Saturday, December 05, 2020

I Have a Problem with the Truth

No, I don't mean I'm a compulsive liar like some politicians and pundits. No, I mean I hate to say or write anything that isn't exactly, precisely as true as I know to make it. I understand there are subtleties. I once mentioned this on Facebook and said that a novel I read had the characters going to the Neiman Marcus store in Las Vegas. I was stymied from the flow of reading wondering if there was a Neiman's in Las Vegas. Now, yes it was fiction. But that's a real store. (Which started in Dallas.) One Facebook friend offered that there is a Neiman's in Las Vegas. I was, of course, reading this book before the Internet. (It might have been "Desert Rose" by Larry McMurtry. I'm not sure. And I hate that I'm not sure.) So, of course, I still wondered was the store there when the novel was written. (I could not easily find this on the Interwebs and it doesn't really matter.) Yes, it's fiction. Couldn't matter less. Real city, but could have imagined an imaginary store. Or a real store not located there. But it illustrates the trouble I have trying to pin down the elusive truth which, we all know, is an illusion. Oh, people try. That Polifacts column tries to judge things true, false, mostly true, mostly false, and "pants on fire." 

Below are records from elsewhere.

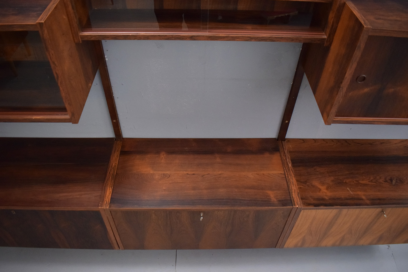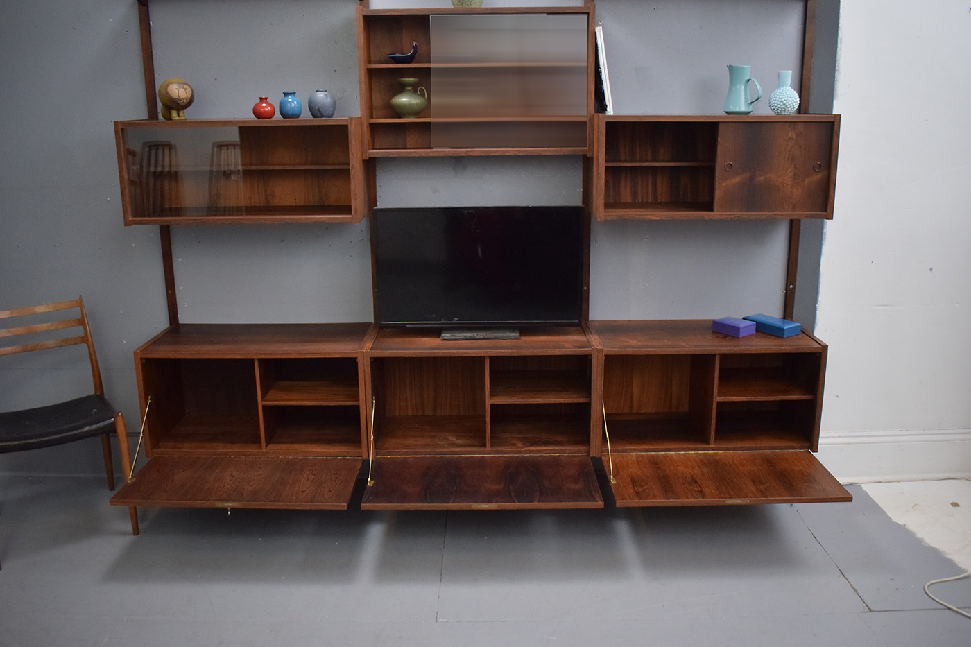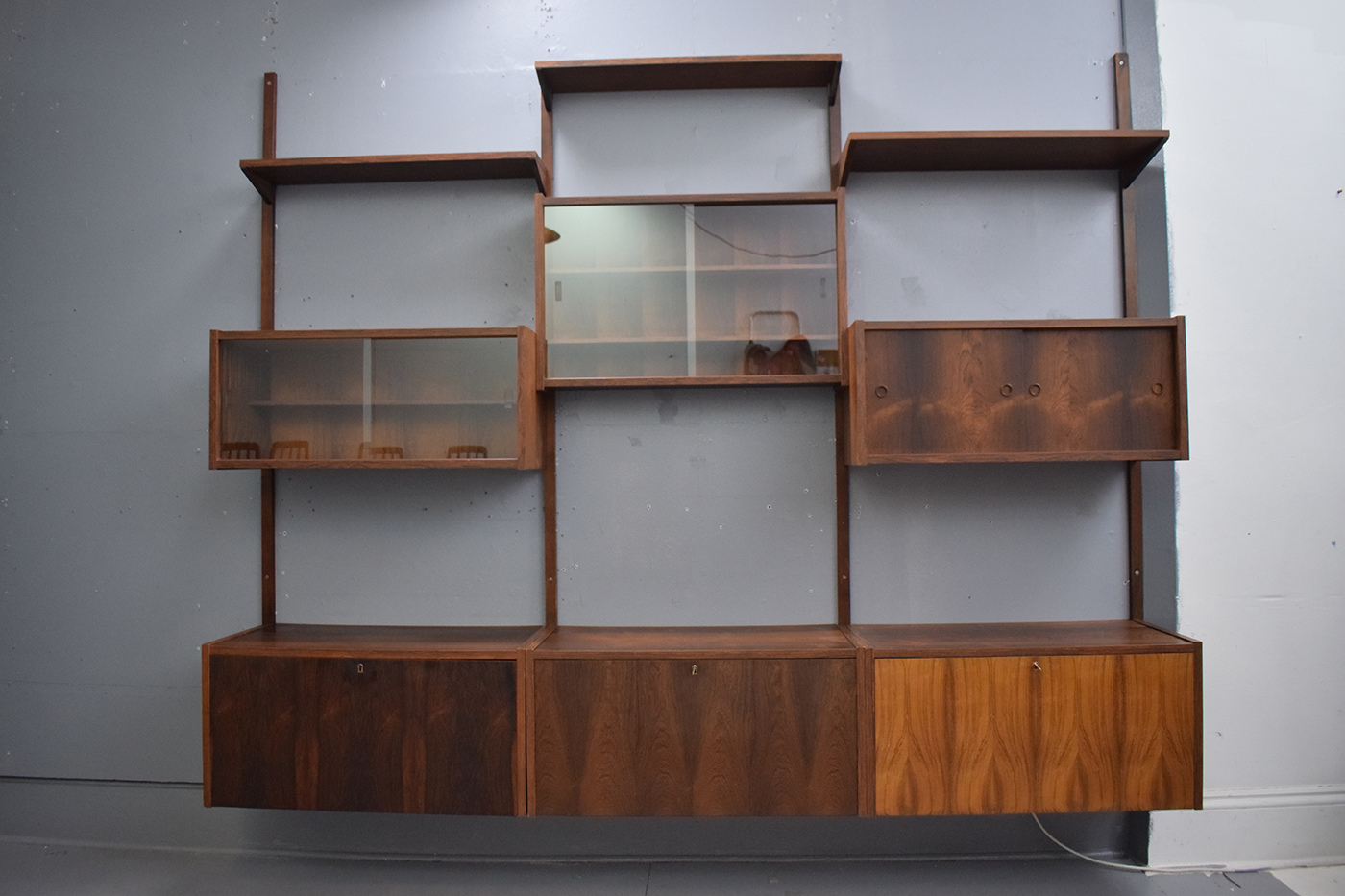 3 Bay vintage rosewood modular shelving system designed 1949 by Prebend Sorensen and produced by Randers mobelfabrik.
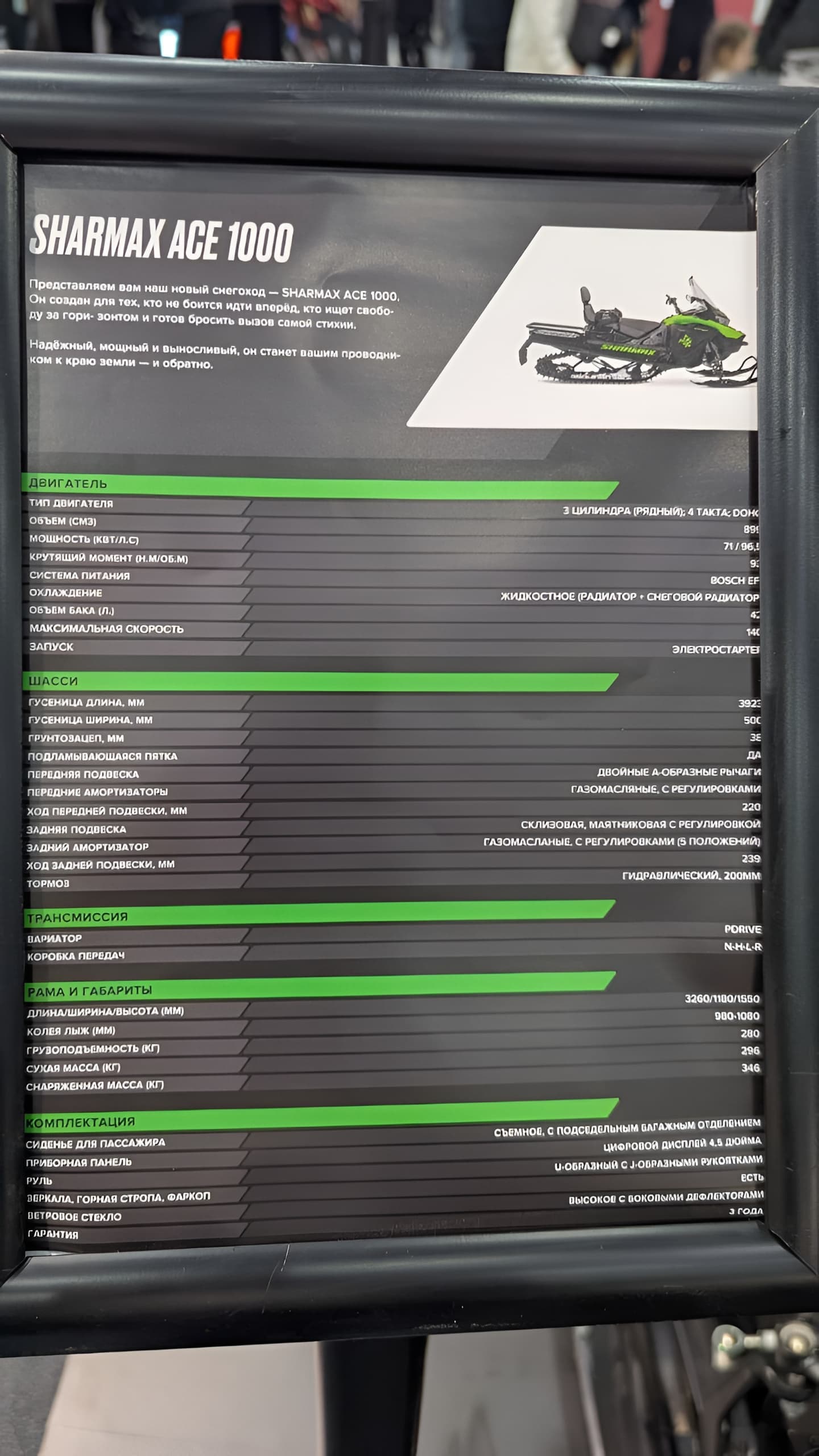 The Sharmax Ace 1000 snowmobile, designed for operation in harsh climatic conditions and on rough terrain, was presented at the "Motovesna-2026" exhibition. The model is designed for users who need equipment for long trips off prepared tracks, the developer and manufacturer is QJ Motor.
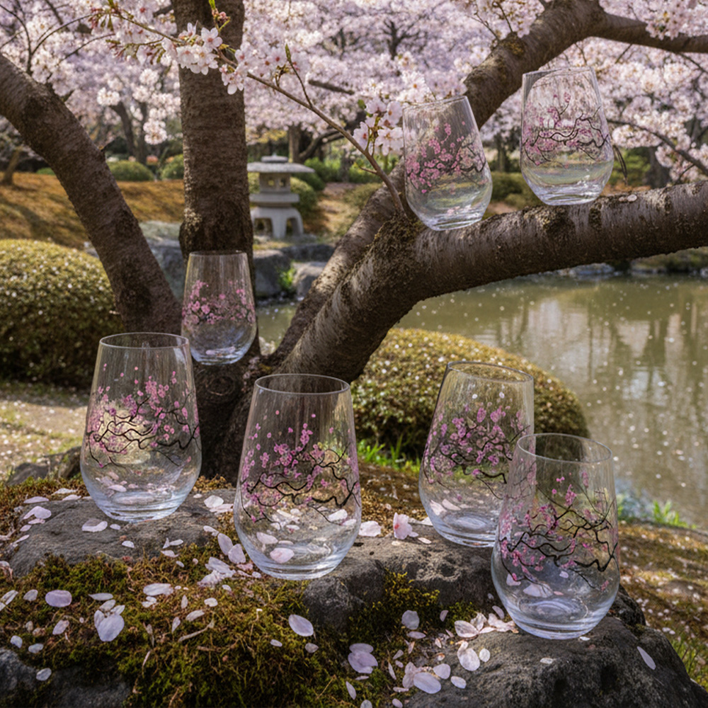 Cherry Blossom Stemless Wine Glass 13oz / 370ml – 6pk
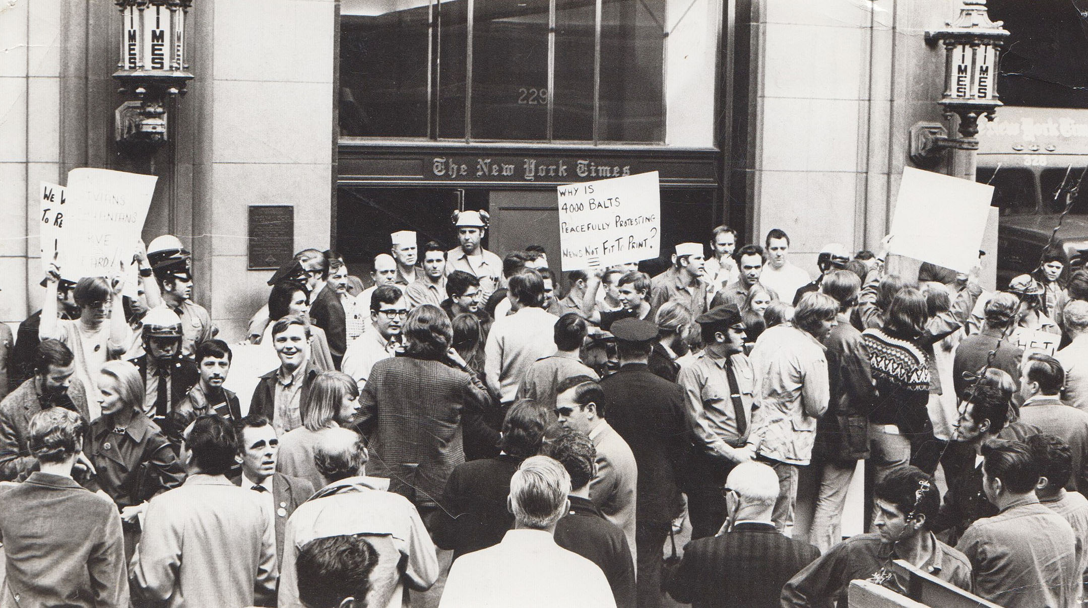 Young people during sit-in protest at the New York Times entrance, 1970. Photo by Gunars Lucans. Source: LNA LVA F.2944.
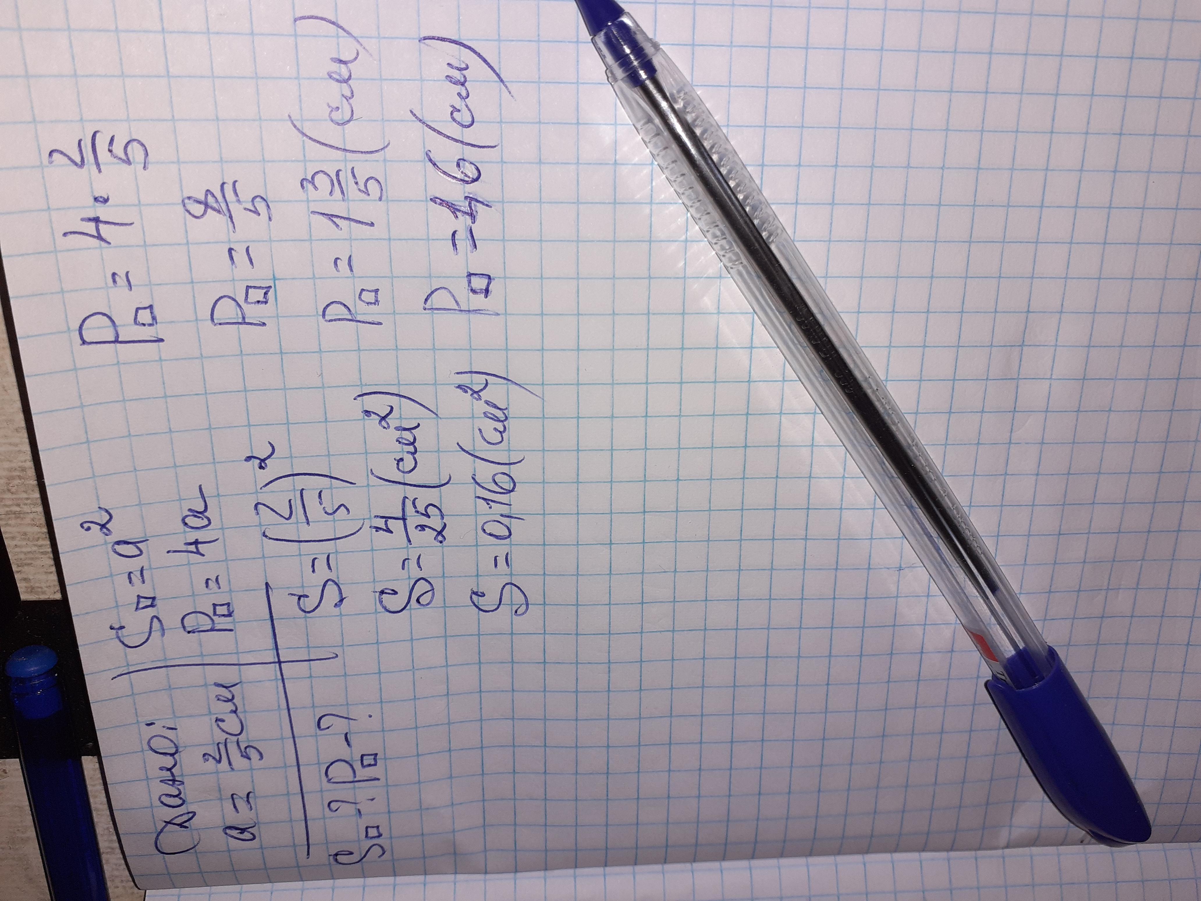 Вычислите площадь и периметр квадрата со стороной 2/5см
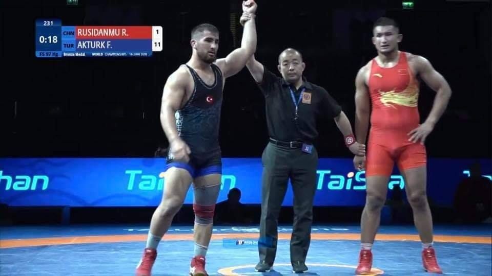 Kahramanmaraş Büyükşehir Belediyesi Güreş Takımında sporcuları Feyzullah Aktürk ve Ömer Faruk Çayır, Milli Takım ile Estonya’da gerçekleşen Dünya Şampiyonası’na katıldı. Estonya’nın başkenti Tallinn’de düzenlenen Dünya Gençler Güreş Şampiyonasında Serbest Stilde Avrupa Şampiyonu güreşçimiz Feyzullah Aktürk ABD’li, Ukraynalı rakiplerinden sonra Çinli rakibi Reheman Rusıdanmu’yu da (11-1) sayı tuşuyla yenerek Dünya 3.sü oldu ve bronz madalya kazandı. Şampiyonaya 70 kiloda katılan Büyükşehir Belediye Güreşçisi Ömer Faruk Çayır ise dünya beşincisi oldu.
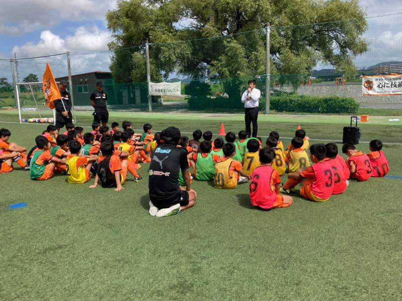 大会が始まるにあたって、キャンプをサポートいただいている松本印刷株式会社 松本憲治社長よりお話をいただき、子ども達の顔付きも戦闘モードへとなっていきます。
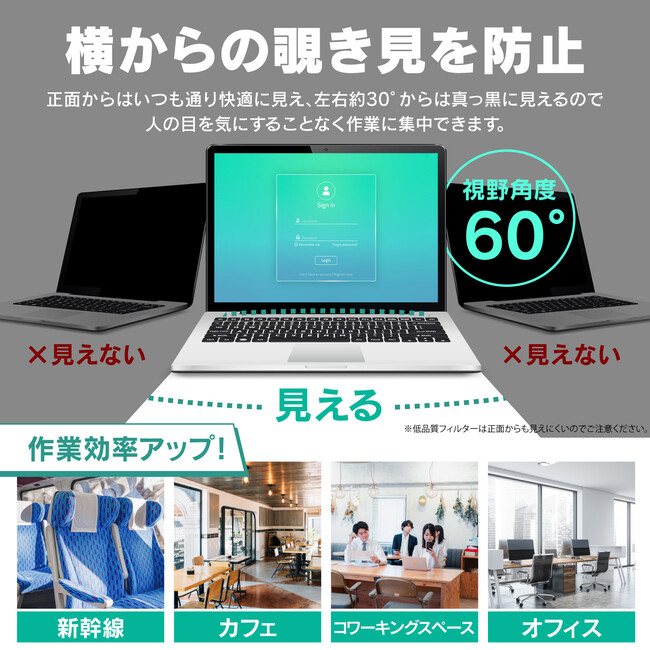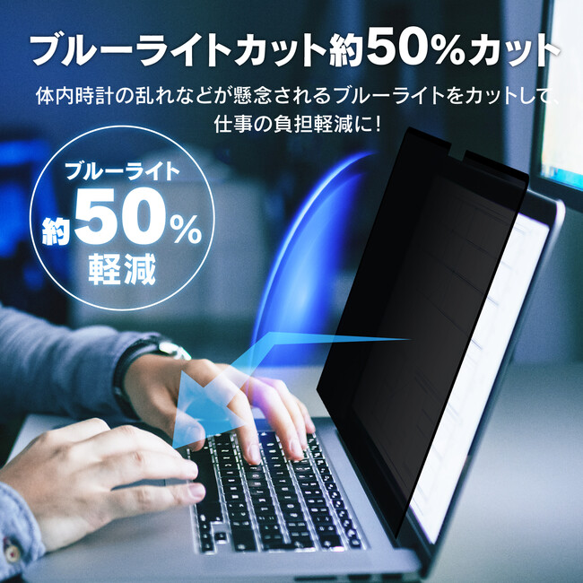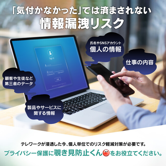 テレワークの普及で増えた外出先でのPC作業。以前より格段に個人情報漏洩リスクが高まっています。【覗き見防止くん】は視野角度60°のスクリーンが覗き見を防止、ブルーライトカットも兼ね備えたシリーズです。
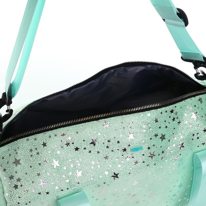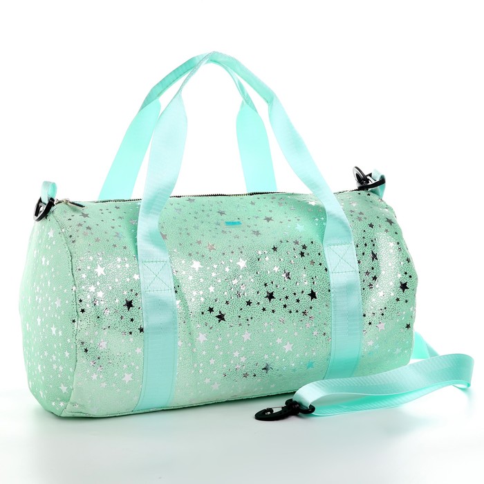 Сумка детская спортивная плюшевая для девочки с блестками «Звёзды», мятный
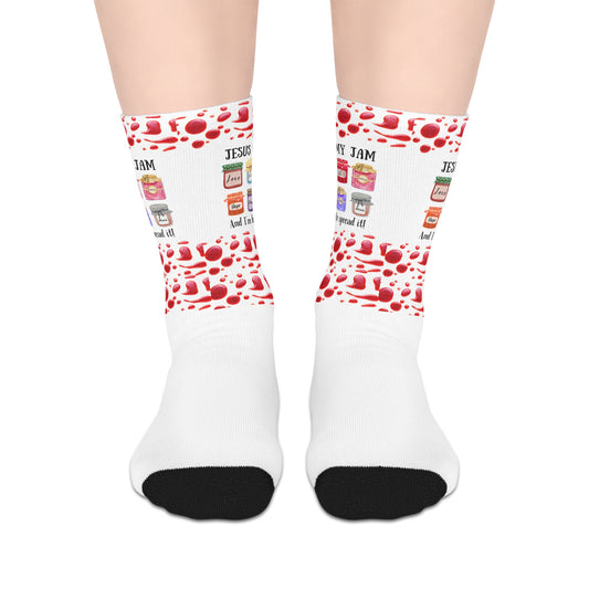 Fun Jesus is my Jam-Themed Mid-Length Socks, Playful, Cozy Style for Everyday Wear, Trendy Sock [...]

For Food Friday yesterday on Facebook, I shared this picture taken in the Alsace in 2004. I then placed a picture of the front of a trout restaurant and a picture of a serving of trout in the comments. I asserted that the pictures were connected. But, on further thought, I decided that I took this one on a street in another village. Maybe. I was tempted to try to clarify this. But the post was really all about these fun images. It just didn't matter. And yet it bugged me.

It's a disease, I tell, you. The struggle is real. And in 2004 the camera didn't record GPS coordinates. Isn't that great, that now some of this info is recorded with your picture? I remember when GPS didn't exist. This assertion sent me off on a quest for the timing of public GPS availability and widespread adoption in gadgets. This is why we can't have nice, off-the-cuff entries in this blog. ("No one cares," I tell myself. "I do," the little diseased fact-checker in my brain replies.)